The key advantage here is interoperability. If your security platform expects SARIF, Trivy can speak its language directly.

Template: Customization is Key

Sometimes, the default formats aren’t quite right. You might need a very specific output for a custom report, a Slack notification, or a particular dashboard. This is where --format template shines.

Trivy uses the Go text/template and html/template packages, allowing you to define your own output structure using a templating language.

Let’s say you only want to see the CVE ID, package name, and severity for high and critical vulnerabilities, formatted as a simple comma-separated list.

First, create a template file, say custom-report.tpl:


{{range .Results}}


  {{range .Vulnerabilities}}


    {{if or (eq .Severity "HIGH") (eq .Severity "CRITICAL")}}


{{.VulnerabilityID}},{{.PkgName}},{{.Severity}}


    {{end}}


  {{end}}


{{end}}

Then, run Trivy with this template:

trivy image --format template --template-config custom-report.tpl --output custom_report.csv my-app:latest

This command will generate custom_report.csv containing lines like:

CVE-2023-1234,openssl,HIGH
CVE-2023-5678,bash,CRITICAL

The template format gives you granular control. You can access almost any field from Trivy’s internal data structures. For example, you can loop through Results, then Vulnerabilities, and conditionally print specific fields like VulnerabilityID, PkgName, InstalledVersion, FixedVersion, Severity, Title, Description, or PrimaryURL. You can even include .Metadata.Image to know which image the findings belong to.

The power of templates lies in their flexibility. You can construct HTML reports, markdown summaries, or even generate configuration files for other tools, all based on Trivy’s scan data.

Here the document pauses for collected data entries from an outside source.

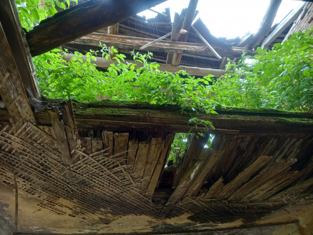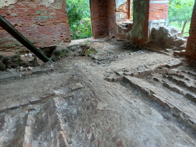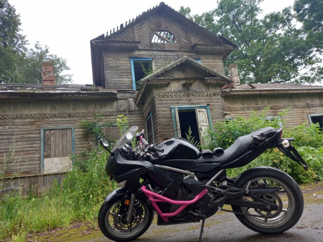 Так, никуда не сворачивая, через Волосово я добралась до усадьбы барона Вейрмана (59.408514, 29.329523). Усадьба была деревянная, господский дом сгорел еще в 2018 году, я не стала туда лезть, но спряталась от нарастающего дождика во флигеле. Он тоже в удручающем состоянии, но ещё можно подняться на второй этаж. После революции оба дома использовались под квартиры обычными людьми, всюду поломаные вещи, детские игрушки. Единственное что выдает в доме богатое убранство помимо строения - это остатки лепнины на потолке и проглядывающая сквозь мусор паркетная доска.
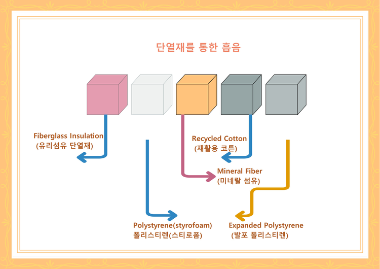 ํก์์ฌ ์ฝ์ : ๋ฒฝ์ฒด ์ฌ์ด์ ์ ๋ฆฌ ์ฌ์ , ๋ฏธ๋ค๋ ์ธ(mineral wool)๊ณผ ๊ฐ์ ํก์์ฌ๋ฅผ ์ฝ์ ํ๋ฉด ์์ ์ฐจ๋จ ํจ๊ณผ๋ฅผ ๋์ฑ ๋์ผ ์ ์์.
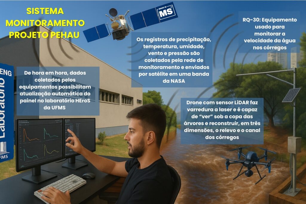 Nesse contexto, um grupo de pesquisadores da Universidade Federal de Mato Grosso do Sul (UFMS), em parceria com estudiosos de outras instituições e a prefeitura de Campo Grande, estrutura um sistema de monitoramento e alerta de cheias e inundações voltado às bacias urbanas da capital sul-mato-grossense.
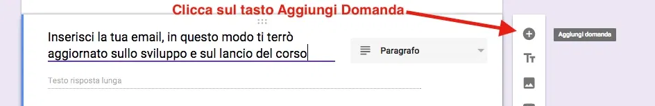1. Inserisci la tua email, in questo modo ti terrò aggiornato sullo sviluppo e sul lancio del corso
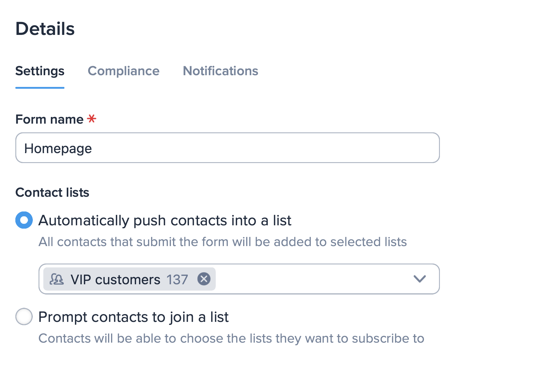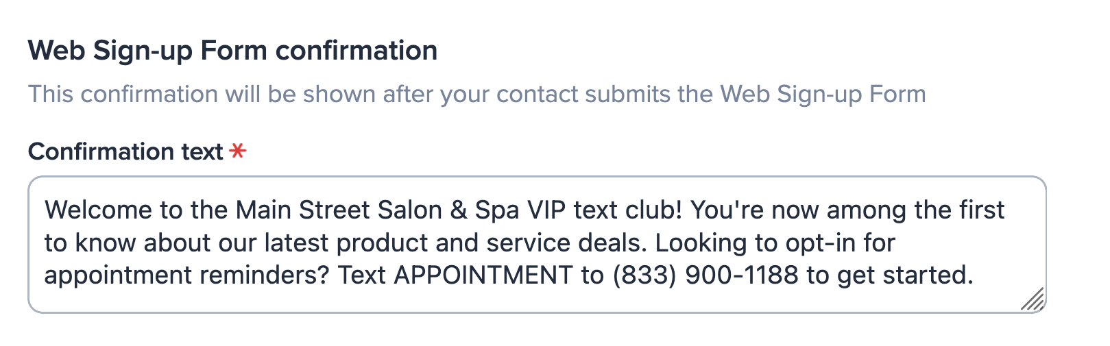 Finally, write your confirmation message. your contacts will see this message once they complete your sign-up form. This is a great opportunity to make the message your ownーthank your new contacts for subscribing, let them know what type of messages they’ll receive, or even add in a special discount or offer.

The most surprising thing about Trivy’s output formats is how much they abstract away the underlying scan process. When you request json or SARIF, you’re not just getting a dump of findings; you’re getting a structured, semantically rich representation designed for machine interpretation and integration. The template format, in particular, allows you to treat Trivy’s findings as a data source that can be reshaped into virtually any desired output, effectively making Trivy a data-generation engine for your security workflows.

Once you’ve mastered these output formats, you’ll likely want to explore Trivy’s configuration options for more advanced filtering and scanning behavior.